Chinese companies are making billions of dollars by stealing donkey’s from poor Africans. They are slaughtered in huge numbers. So much are actually getting slaughtered that scientist expect no donkey could be left in Kenya in 5 years. China is slaughtering all donkey’s in Kenya as we speak. Chinese companies like DEEJ are making millions at the cost of poor Africans.

A donkey owner gives his animals healthier food in Ethiopia, where an estimated seven million donkeys are used for transporting water, wood, building materials and people.

Dawn was just beginning to break when Joseph Kamonjo Kariuki woke to find his donkeys missing.

The villager searched the bush frantically for the animals he depends on to deliver water for a living. But they were nowhere to be found.

It was the village’s children who led Kariuki to the ghastly remains. Three bloody, severed donkey heads lying on the ground. “I was in shock,” said Kariuki, who is known in his Kenyan village of Naivasha as “Jose wa Mapunda”. “Joseph of the Donkeys” in Swahili.

The latest victims of a black market for donkey skins

Kariuki believes his donkeys were the latest victims of a black market for donkey skins. These skins are a key ingredient in a Chinese health fad.

Which is threatening the beasts of burden many Africans rely on for farm work and transporting loads.

China donkey slaughter kenya
Skins of hundreds of donkey’s are drying in the street daily. Africa is losing it’s donkey’s in an alarming rate.

From Kenya to Burkina Faso, Egypt to Nigeria, agents are seeking to feed China’s insatiable appetite for a gelatin they call ejiao. A product made from stewed donkey skins that purports to provide health benefits.

Shrinking donkey herds in China have driven ejiao producers to seek out donkey skins from Africa. But also from Australia and South America. This is threatening the world’s donkey population and driving violent crime and protests across Africa, the activists say.

Kariuki founded a protest group “Tunza Punda Wako” or “Take Care of Your Donkey” in Swahili. They’ve picketed the abattoir in Naivasha, accusing it of driving the skin thefts.

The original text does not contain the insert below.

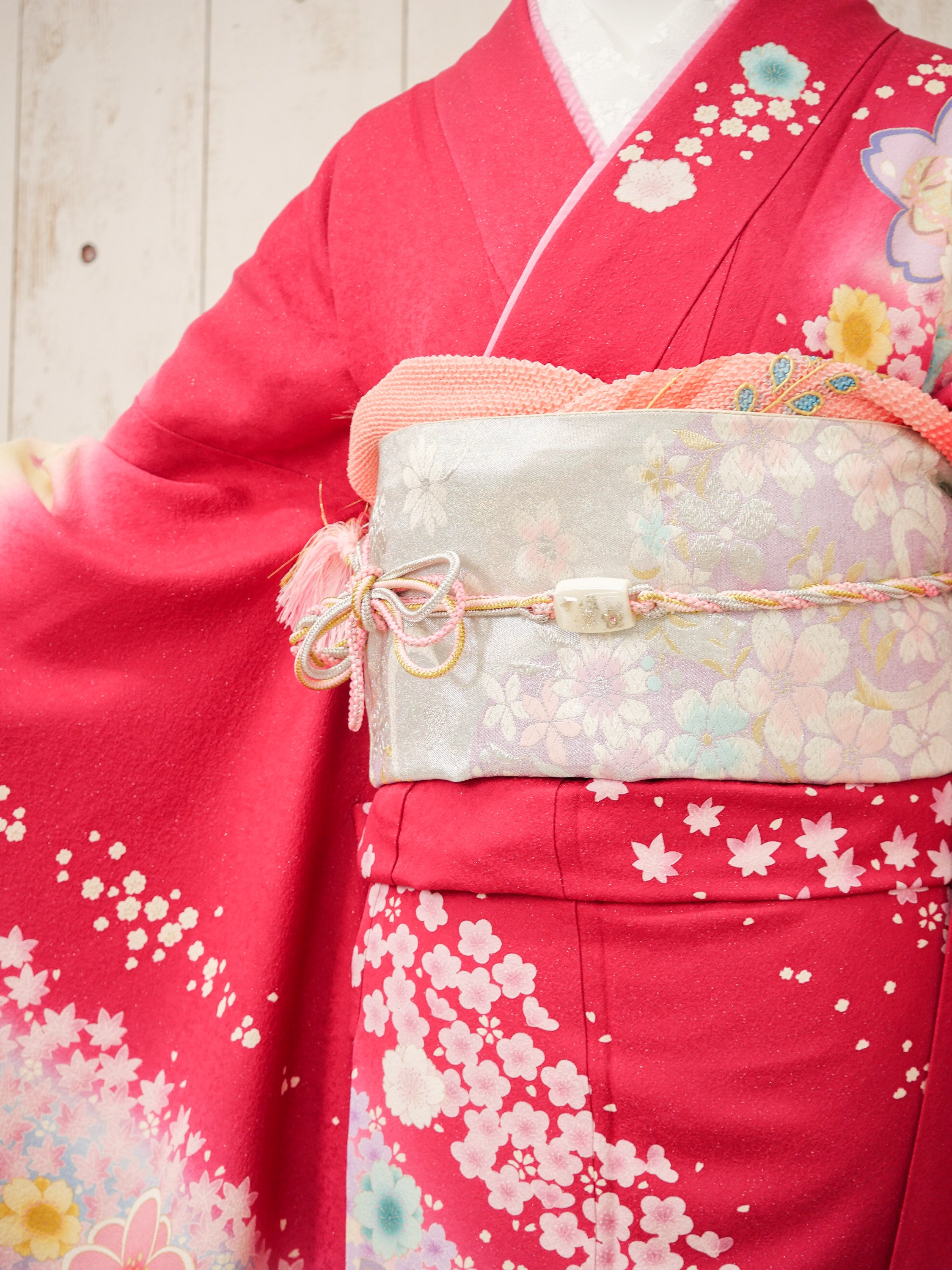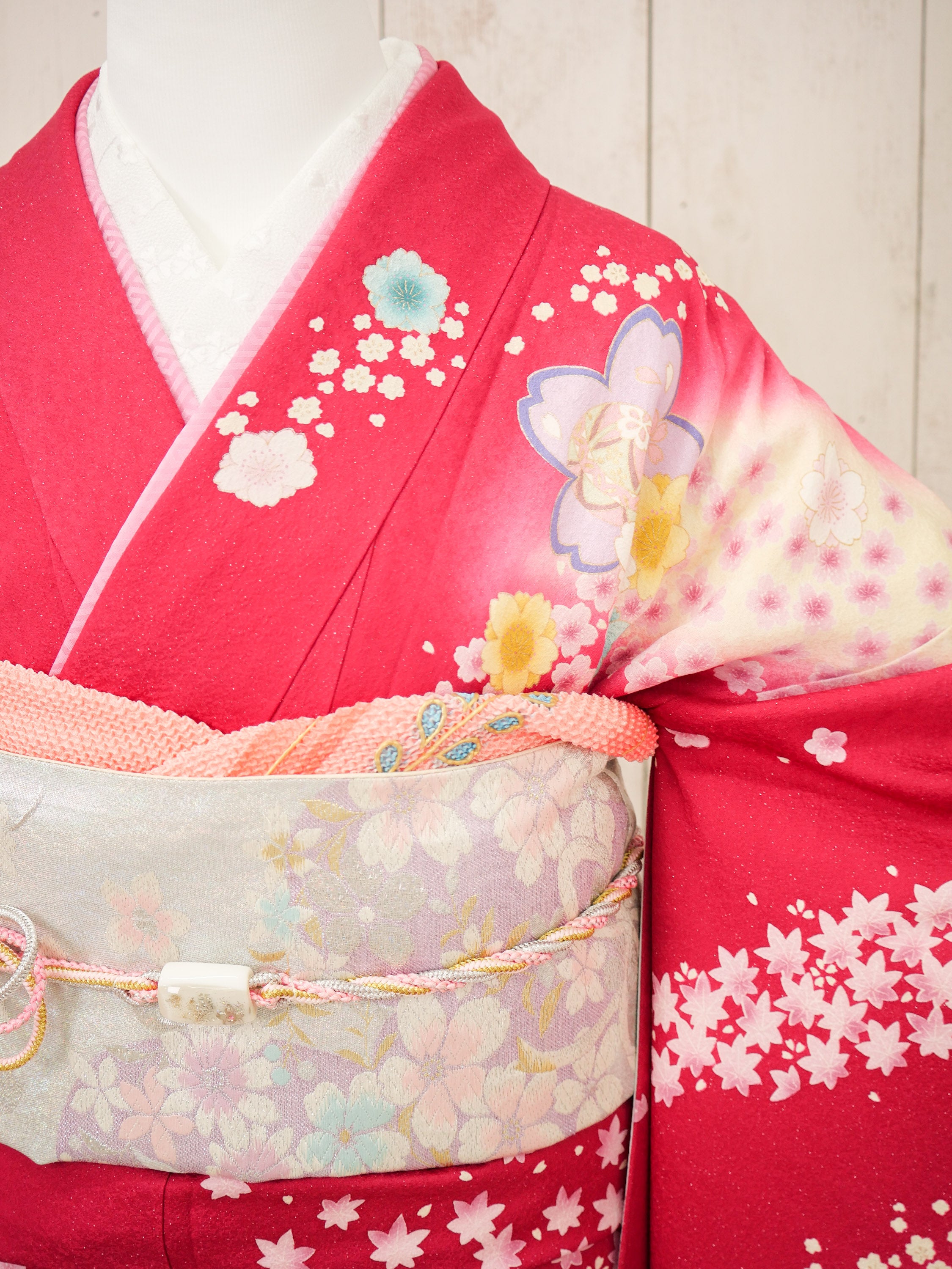 中振袖、袋帯、長襦袢(半襟付き、ポリエステル)、重ね衿(着物に縫い付けの商品あり)、帯揚げ、帯締め、ショール、腰紐5本、伊達締め2本、衿芯、前板、後板、帯枕(ガーゼ付き)、コーリンベルト1本、三重紐、草履、バッグ

Fourteen African governments have banned the export of donkey skins, according to the U.K.-based animal welfare group Donkey Sanctuary.

Butchering 1,000 donkeys a day

In Kenya, the donkey population has fallen in the past nine years by a third, from 1.8 million to 1.2 million. Kenya’s three licensed slaughterhouses butcher 1,000 donkeys a day to supply skins to China, said Calvin Onyango, program development manager of the Donkey Sanctuary Kenya.

“We do not have many donkeys and most people do not want to sell their donkeys. So to keep supplying these slaughterhouses, we have ended up with businesspeople or brokers stealing other people’s donkeys to supply the slaughterhouses,” Onyango said.

At the rate at which donkeys were being slaughtered meant that there could be none left in five years.